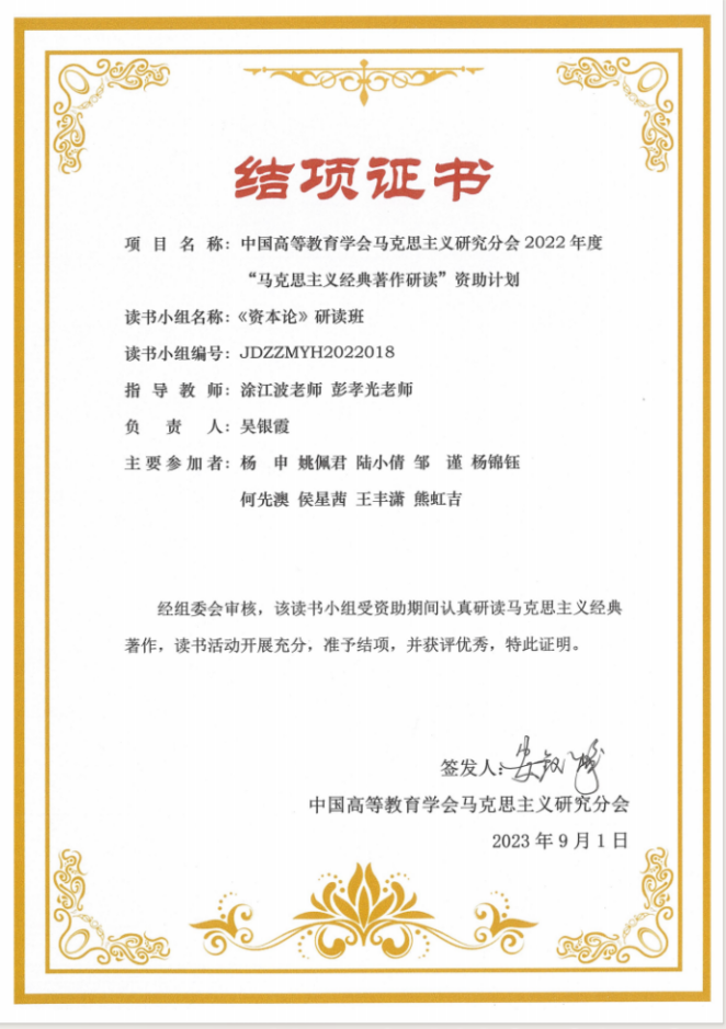近日,中国高等教育学会马克思主义研究分会2022年度“马克思主义经典著作研读”资助计划公布了结项结果。suncitygroup太阳集团网址“追光”研读班荣获“优秀读书小组”称号。
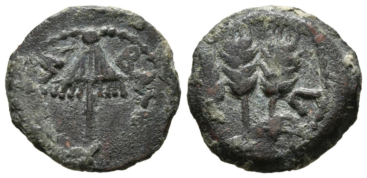 JUDAEA, Agrippa I. Prutah. (Ae. 2.39g / 17mm). 37-44 AD Jerusalem. (Seaby 5567). Anv: Canopy in the shape of an umbrella, around legend. Rev: Three spikes, around legend. Very Fine.
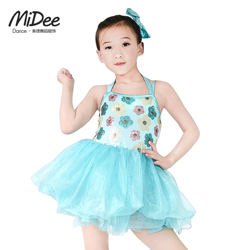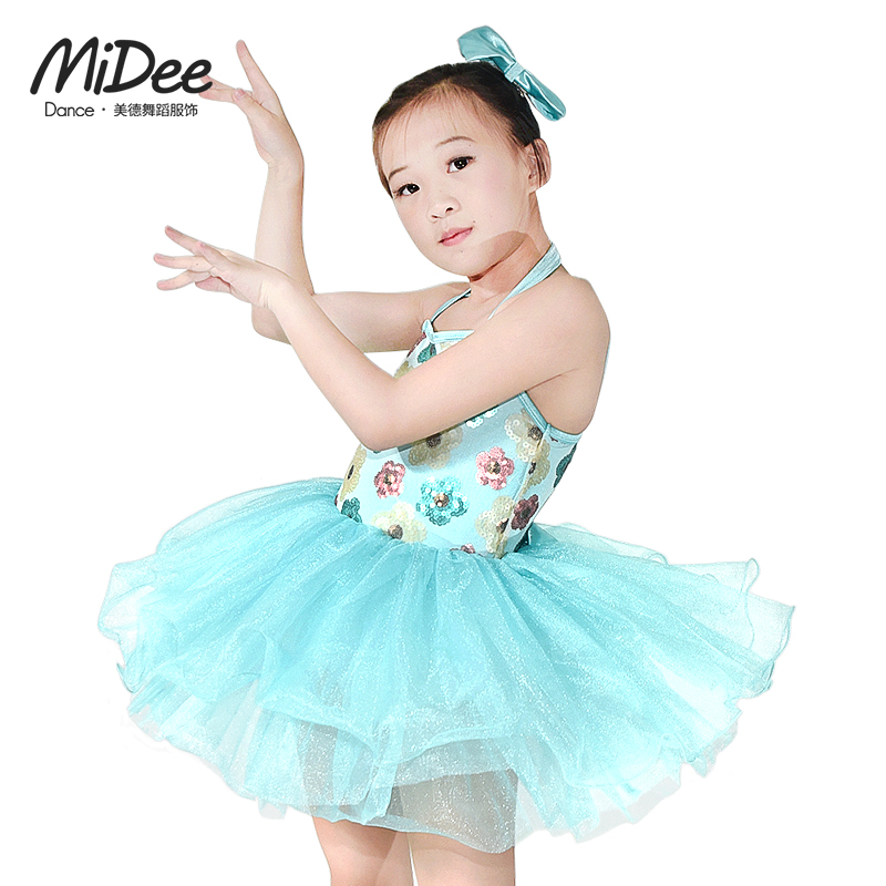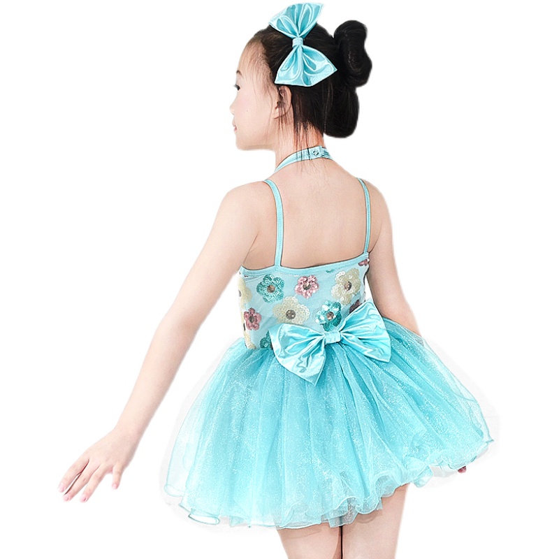 Virtue performance costumes girls summer fresh mint green sequined tutu skirt one-piece modern ballet performance children

:: TASK REQUIREMENTS ::
Each line from the line containing "JUDAEA, Agrippa I." through the last line above must be written out exactly, and every picture must be omitted.

:: TASK ANSWER ::
 JUDAEA, Agrippa I. Prutah. (Ae. 2.39g / 17mm). 37-44 AD Jerusalem. (Seaby 5567). Anv: Canopy in the shape of an umbrella, around legend. Rev: Three spikes, around legend. Very Fine.
 Virtue performance costumes girls summer fresh mint green sequined tutu skirt one-piece modern ballet performance children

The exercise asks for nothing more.